With pictures left out, extract every line between the start of the records below and the line holding "Добавляем стакан-два воды, должна", inclusive.

*** Opening of INPUT MATERIAL ***

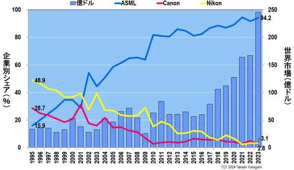 然而,荷兰的ASML在1995年拥有15.9%的市场份额,此后迅速扩大了市场份额,在2002年超过了尼康和佳能,在2010年超过了80%,在2021年达到了90%。2023年,ASML拥有94.2%的市场份额,而尼康和佳能将分别拥有3.1%和2.8%的份额。
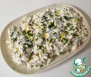 Выложить на блюдо. Посыпать сверху ещё кунжутом и зелёным луком и сбрызнуть оливковым маслом.
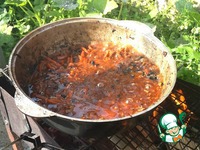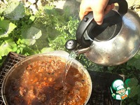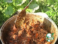 Добавляем стакан-два воды, должна быть консистенция густого супа, перемешиваем каждые 3-4 минуты, тушим 15 минут, не меньше |
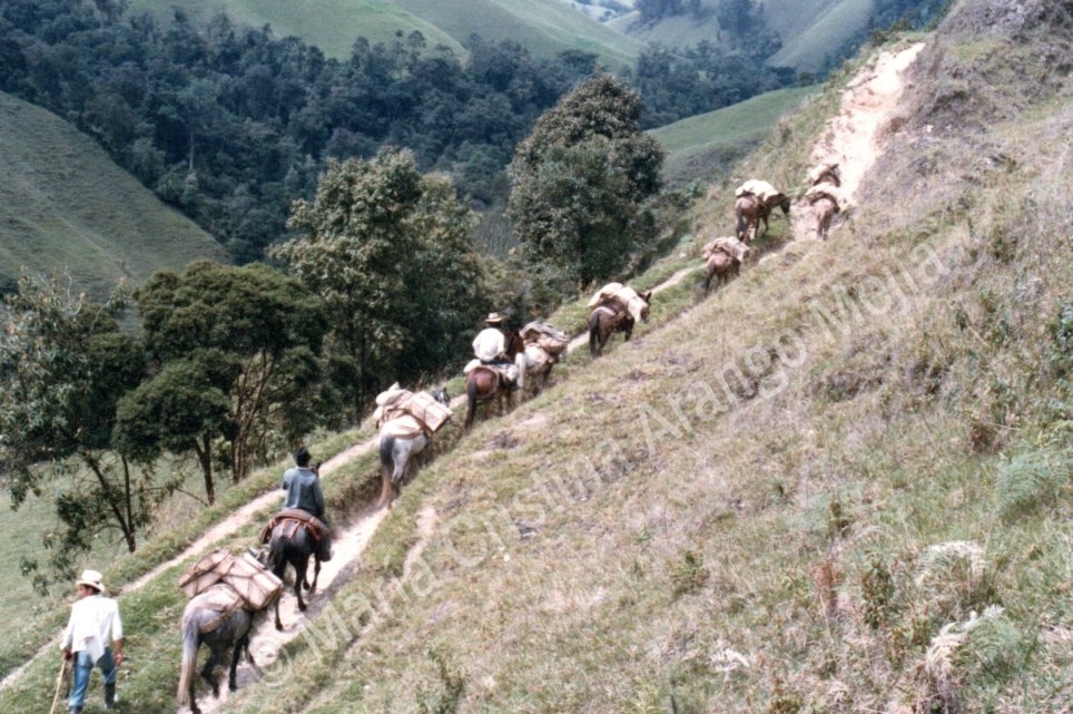 Era un agradable espectáculo para los campesinos observar las recuas de 20 mulas cargadas, dirigidas por el tilín-tilín de la campanera, con el sangrero, el caporal y los arrieros distribuidos a lo largo de la caravana pendientes de los malos caminos, de la carga que se ladeaba, de la mula que caía y de las otras recuas que marchaban en sentido contrario por el estrecho camino. Además, los alegres letreros bordados en la frentera de las mulas despertaban sonrisas: «Adiós mi vida», «Dios me guía», «Adiós mi amor», «Adiós faltonas».
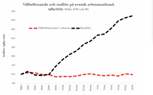 Anlägger vi i stället ett historiskt perspektiv ser vi av diagrammet att välbefinnandet i arbetet på svensk arbetsmarknad har varit oförändrat de senaste 30 åren. Och detta trots att reallönerna har ökat snabbt sedan den andra halvan av 1990-talet – men i spåren av pågående inflationskris under ett antal år kommer att ligga lägre än tidigare.
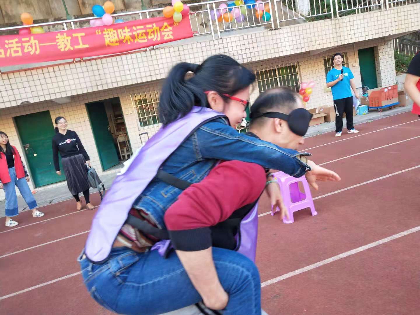 活动由杨楚钰老师主持。整个活动分为三个环节,一是“瞎子背瘸子”,二是背靠背运气球,三是踩气球。活动开始之前,先由主持人讲解游戏规则,工作人员现场示范,再由各分组队员进行比赛。比赛过程中,各组教职工积极投入,全力拼搏,充分展现了团队的“合作竞争,激情奉献”的运动精神。
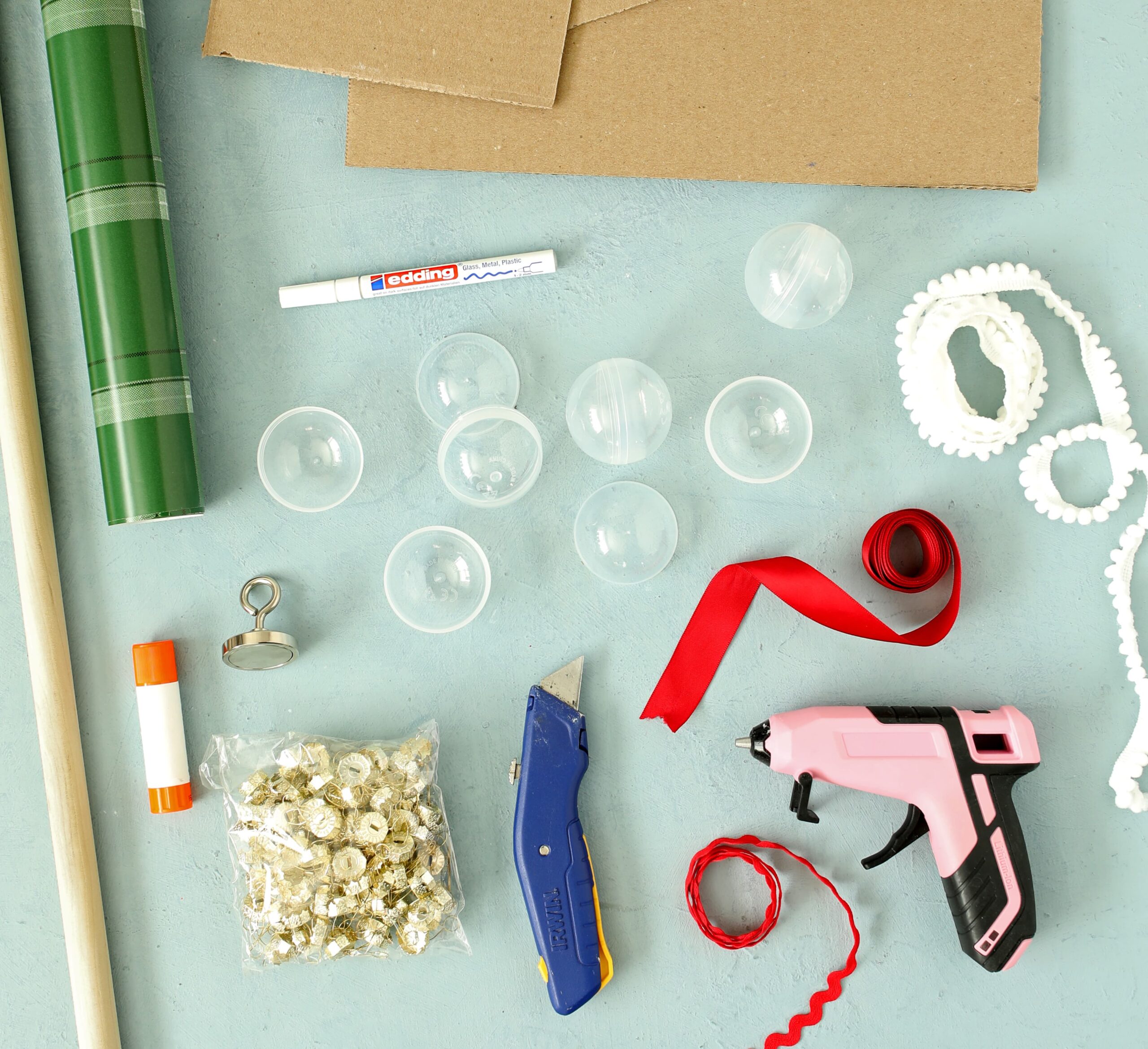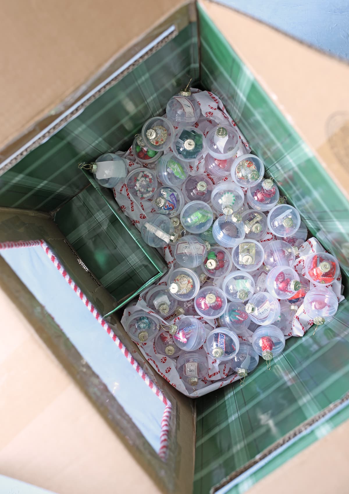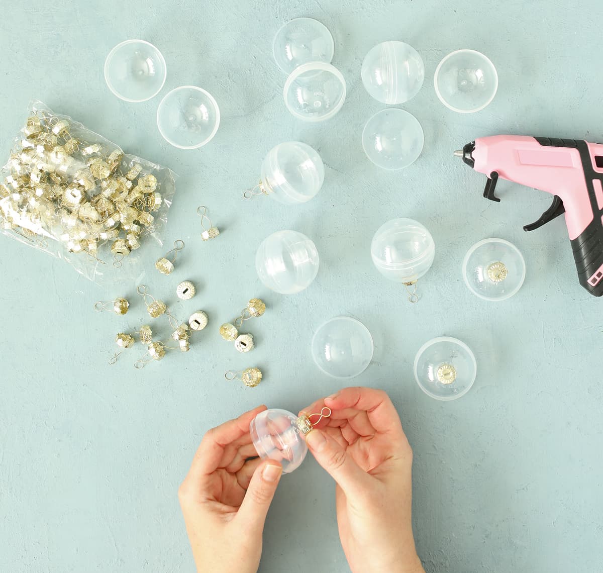 Step 8: Let’s get the prize balls ready! Each ball has an outie half and an innie half. Glue an ornament topper to the outie half of all of the balls you want to use. This seemed straightforward until I tried it. The ornament topper has a jagged edge and doesn’t want to stick to the curved surface of the plastic balls, so I found the thing that worked best was LOADING the entire ornament topper full of glue. It then becomes a burning hot piece of metal, so only hold it by the metal hanging piece, then use two popsicle sticks to press it down onto the plastic ball.
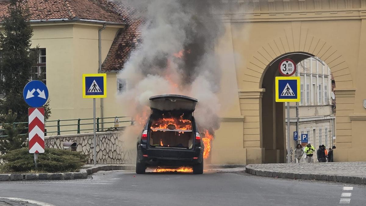 „Am fost anunțați de izbucnirea unui incendiu la un autoturism în Centrul Istoric al Brașovului, zona Poarta Șchei. La fața locului au intervenit de urgență două autospeciale de stingere, echipajele acționând pentru lichidarea incendiului și prevenirea extinderii acestuia. Cele două persoane aflate în autoturism au reușit să se evacueze la timp, nefiind înregistrate victime. Din păcate, autovehiculul a ars în proporție de 90%. Cauza izbucnirii incendiului este în curs de stabilire”, a informat purtătorul de cuvânt al ISU Brașov, .lt. col. Ciprian Sfreja.
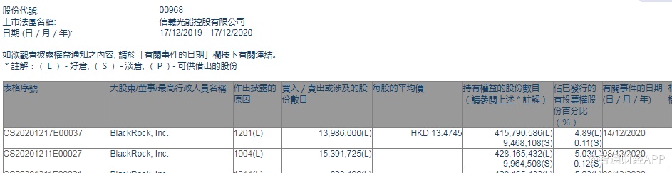 智通财经APP获悉,香港联交所最新资料显示,12月14日,贝莱德减持信义光能(00968)1398.6万股,每股作价13.4745港元,总金额约为1.88亿港元。减持后最新持股数目为4.16亿股,最新持股比例为4.89%。
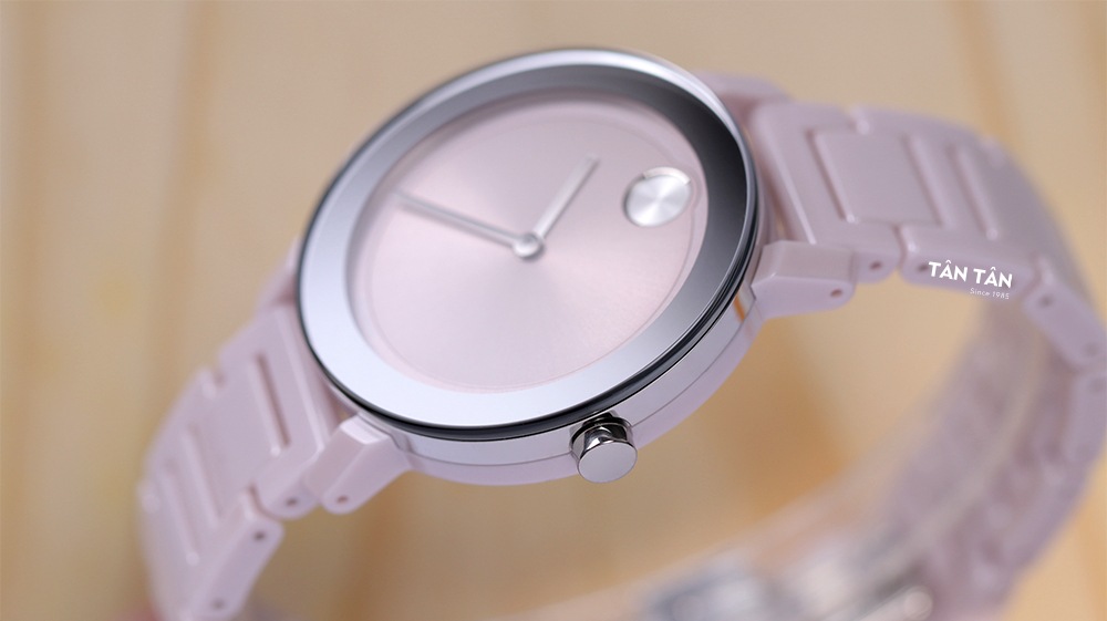 Sử dụng tông màu hồng nữ tính điểm xuyết các chi tiết màu bạc tinh tế và nhẹ nhàng, mẫu đồng hồ này chính là sự lựa chọn của những cô nàng yêu thích phong cách thanh lịch, sang trọng. Movado 3600709 có đường kính vỏ 36mm, độ dày 8mm rất phù hợp với cổ tay của những cô nàng Việt Nam. Với độ chống nước được trang bị là 3ATM, Movado 3600709 có thể hỗ trợ cho người dùng những hoạt động nhẹ nhàng thường nhật như rửa tay hoặc đi mưa.
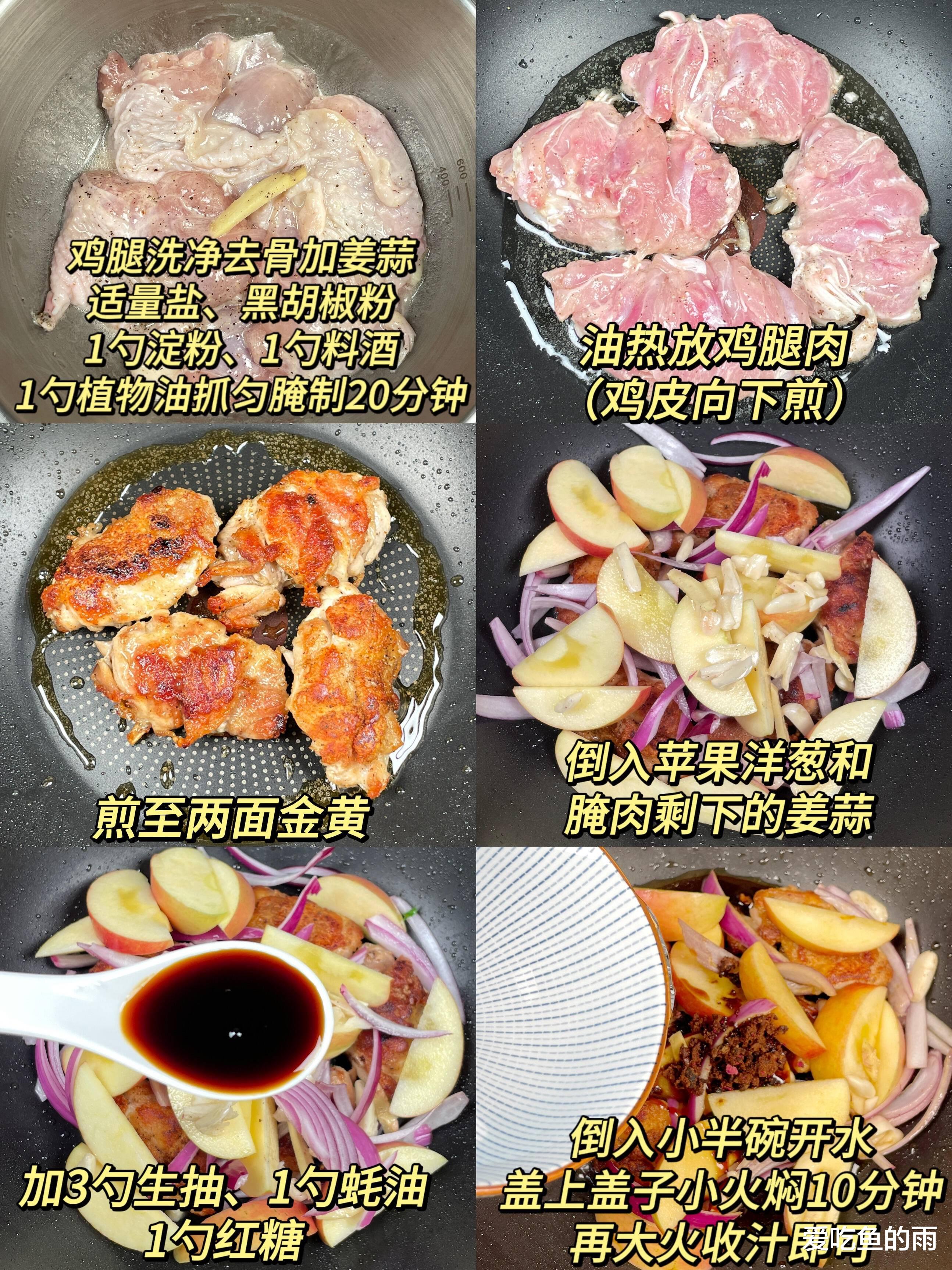 做这道菜,选材是个技术活。鸡排得选带皮的鸡腿肉,去骨后用刀背拍松,这样煎的时候不缩水,口感还嫩得像豆腐;苹果不能用面苹果,得挑那种脆硬酸甜的红富士或者青苹果,切成滚刀块后泡在淡盐水里,不然下锅一炒就氧化成黑炭,颜值全毁。我有次偷懒没泡水,结果一锅红亮的酱汁里混着黑乎乎的苹果块,像煮了一锅煤球,被我妈笑话了好久。做法其实不难,鸡排先用生抽、黑胡椒和料酒抓匀腌制,下油锅煎到两面金黄焦脆,盛出来备用。锅里留底油,放冰糖炒出糖色,倒入鸡排翻炒上色,这时候加入半碗苹果汁代替清水,再丢进苹果块,中小火焖煮收汁。重点来了!苹果不能煮太烂,得保持一点脆度,等到汤汁浓稠得能挂在铲子上,撒点盐调味出锅,那股混合着焦糖香和果香的热气,能把隔壁小孩馋哭。

*** Close of INPUT MATERIAL ***

#### COMPLETED TASK:
 然而,荷兰的ASML在1995年拥有15.9%的市场份额,此后迅速扩大了市场份额,在2002年超过了尼康和佳能,在2010年超过了80%,在2021年达到了90%。2023年,ASML拥有94.2%的市场份额,而尼康和佳能将分别拥有3.1%和2.8%的份额。
 Выложить на блюдо. Посыпать сверху ещё кунжутом и зелёным луком и сбрызнуть оливковым маслом.
 Добавляем стакан-два воды, должна быть консистенция густого супа, перемешиваем каждые 3-4 минуты, тушим 15 минут, не меньше |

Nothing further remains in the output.